Written by: Ed Brubaker
Art by: Sean Phillips
Colouring by: Val Staples

I’m going to go ahead and assume that you’ve read my review of Volume 1 before coming here. As such, I’ll try to avoid covering the same ground.

This 440-page effort, another hardcover (again, I’m reviewing a PDF, visit your local comic shop to give it a feel for the quality, as long as you’ve washed your hands, of course), collects three more arcs of the Criminal saga. Image published Volume 3 last year: Volumes 1 and 2 are Image’s redux of previously published volumes.
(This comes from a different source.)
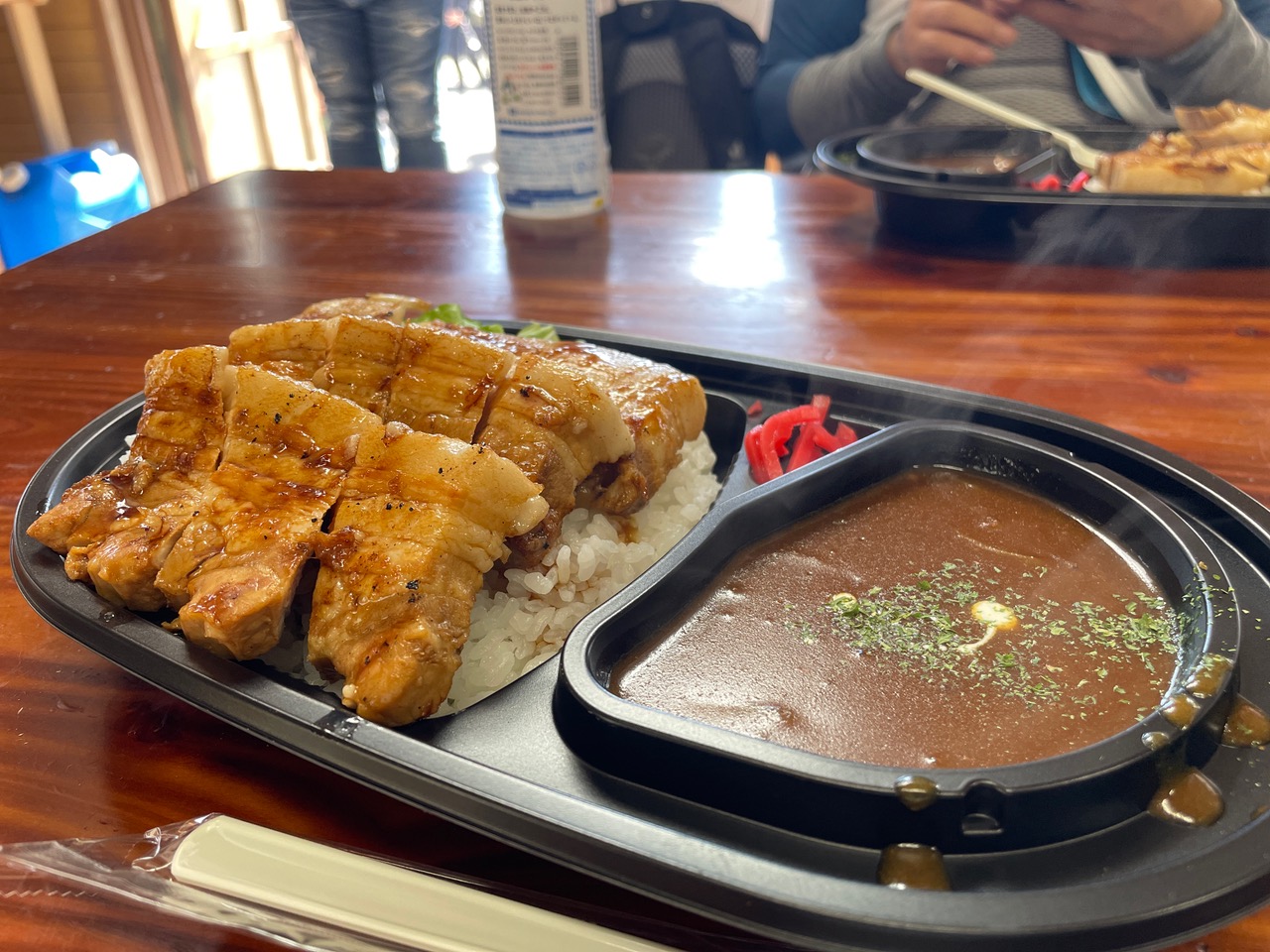 山の家では名物の漢気カレーと源喜亭の豚の蒲焼きがコラボしたカレーも販売されており、カップラーメンと絶品のカレーも味わってこれました!

We get three more stories (again readable separate but part of the same large narrative for bonus flavour) and a stack of bonus bits.
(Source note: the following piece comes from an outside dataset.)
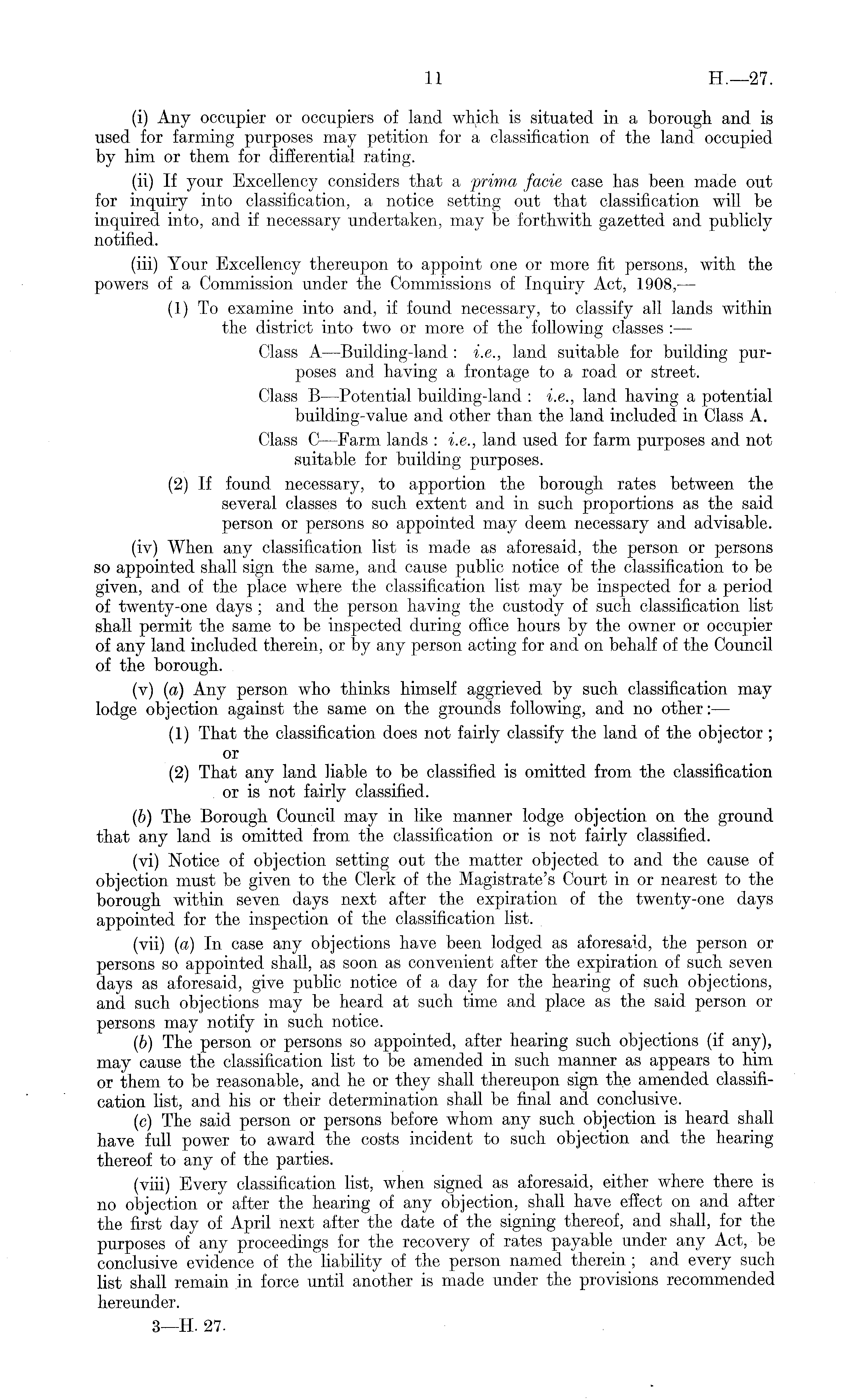 (i) Any occupier or occupiers of land which is situated in a borough and is used for farming purposes may petition for a classification of the land occupied by him or them for differential rating. (ii) If your Excellency considers that a prima facie case has been made out for inquiry into classification, a notice setting out that classification will be inquired into, and if necessary undertaken, may be forthwith gazetted and publicly notified. (iii) Your Excellency thereupon to appoint one or more fit persons, with the powers of a Commission under the Commissions of Inquiry Act, 1908, — (1) To examine into and, if found necessary, to classify all lands within the district into two or more of the following classes : — Class A—Building-land : i.e., land suitable for building purposes and having a frontage to a road or street. Class B —Potential building-land : i.e., land having a potential building-value and other than the land included in Class A. Class C—Farm lands : i.e., land used for farm purposes and not suitable for building purposes. (2) If found necessary, to apportion the borough rates between the several classes to such extent and in such proportions as the said person or persons so appointed may deem necessary and advisable. (iv) When any classification list is made as aforesaid, the person or persons so appointed shall sign the same, and cause public notice of the classification to be given, and of the place where the classification list may be inspected for a period of twenty-one days ; and the person having the custody of such classification list shall permit the same to be inspected during office hours by the owner or occupier of any land included therein, or by any person acting for and on behalf of the Council of the borough. (v) (a) Any person who thinks himself aggrieved by such classification may lodge objection against the same on the grounds following, and no other: — (1) That the classification does not fairly classify the land of the objector ; or (2) That any land liable to be classified is omitted from the classification or is not fairly classified. (b) The Borough Council may in like manner lodge objection on the ground that any land is omitted from the classification or is not fairly classified. (vi) Notice of objection setting out the matter objected to and the cause of objection must be given to the Clerk of the Magistrate's Court in or nearest to the borough within seven days next after the expiration of the twenty-one days appointed for the inspection of the classification list. (vii) (a) In case any objections have been lodged as aforesaid, the person or persons so appointed shall, as soon as convenient after the expiration of such seven days as aforesaid, give public notice of a day for the hearing of such objections, and such objections may be heard at such time and place as the said person or persons may notify in such notice. (b) The person or persons so appointed, after hearing such objections (if any), may cause the classification list to be amended in such manner as appears to him or them to be reasonable, and he or they shall thereupon sign the amended classification list, and his or their determination shall be final and conclusive. (c) The said person or persons before whom any such objection is heard shall have full power to award the costs incident to such objection and the hearing thereof to any of the parties. (viii) Every classification list, when signed as aforesaid, either where there is no objection or after the hearing of any objection, shall have effect on and after the first day of April next after the date of the signing thereof, and shall, for the purposes of any proceedings for the recovery of rates payable under any Act, be conclusive evidence of the liability of the person named therein ; and every such list shall remain in force until another is made under the provisions recommended hereunder.

Bad Night tells us about Jacob, the comic strip writer and counterfeiter from the very first Criminal story. Jacob recounts his brushes with the law amid a lousy situation where he’s coerced into making a fake FBI ID. I guess these are all cautionary tales to some extent, this one in part being ‘be careful where you put your penis’. I’ll leave the rest to the reading, but this is another excellent crime story from the team with some great references to other works. Sometimes you have to tip your hat what you see clever storytelling, and you will.

The Sinners brings back Tracy Lawless from the last volume, now working as a hitman for Sebastian Hyde. Tracy gets given a chance for a clean break – all he has to do is work out who is carrying out assassinations of people who should be untouchable. Simples. Except for the same problem as above, i.e. ‘be careful where you put your penis’, such as, not in your boss’s wife. And while he’s looking for answers, the US Army are looking for him. We get some crossed wires, some old associates, some more bent cops, a tricolore of gangsters and the Catholic church (insert your own joke here, readers) all contributing to Tracy’s absolute mess of a life. The layers of set-up are impressive, and of course, everyone involved believes in an eye for an eye, so we get quite the body count once again. You might find yourself checking back to see who’s who, but while it’s complex, it never feels convoluted.
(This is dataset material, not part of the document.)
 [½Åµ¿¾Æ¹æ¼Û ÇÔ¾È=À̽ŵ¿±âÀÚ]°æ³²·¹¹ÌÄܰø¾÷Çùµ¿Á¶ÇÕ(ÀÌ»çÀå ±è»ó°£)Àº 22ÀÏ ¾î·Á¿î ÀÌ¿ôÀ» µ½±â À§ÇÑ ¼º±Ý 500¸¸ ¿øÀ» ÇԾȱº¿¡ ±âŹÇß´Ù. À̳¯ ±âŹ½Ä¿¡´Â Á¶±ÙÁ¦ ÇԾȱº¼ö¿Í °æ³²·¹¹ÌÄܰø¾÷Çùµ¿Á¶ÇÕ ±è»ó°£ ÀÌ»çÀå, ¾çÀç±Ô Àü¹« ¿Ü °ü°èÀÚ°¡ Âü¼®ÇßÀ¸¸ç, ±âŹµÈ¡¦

Ed Brubaker describes The Last Of The Innocent as the work he is most proud of, and admits that there’s a little bit of autobiography weaved in there. The characters are analogous to retro teen comic tropes, and we get panels and the occasional full age of Archie style art for flashbacks, which is a great touch. Riley is back in small-town America, having lived in the big city for a while, and we see him meeting the old gang, and there’s plenty of reminiscing. And then his dad dies. Many people die in Criminal, but this is the only funeral we really see, and you might feel things. This story touches on a lot of little things about grieving that I’ve not seen in any media before. Aside from that, Riley is planning a murder, which I assume is either the non-autobiographical bit or a genius alibi. You’ll have to find out for yourself how that goes. You might not look at Archie the same way again.

As before, Criminal mixes up classic crime drama tropes with a touch of 70s cop show, gangster films and, at times, a touch of Sin City style noir. The protagonists are bad people you want to root for. The bad guys have motivations outside of being monsters. It’s well written, well drawn and well worth your time.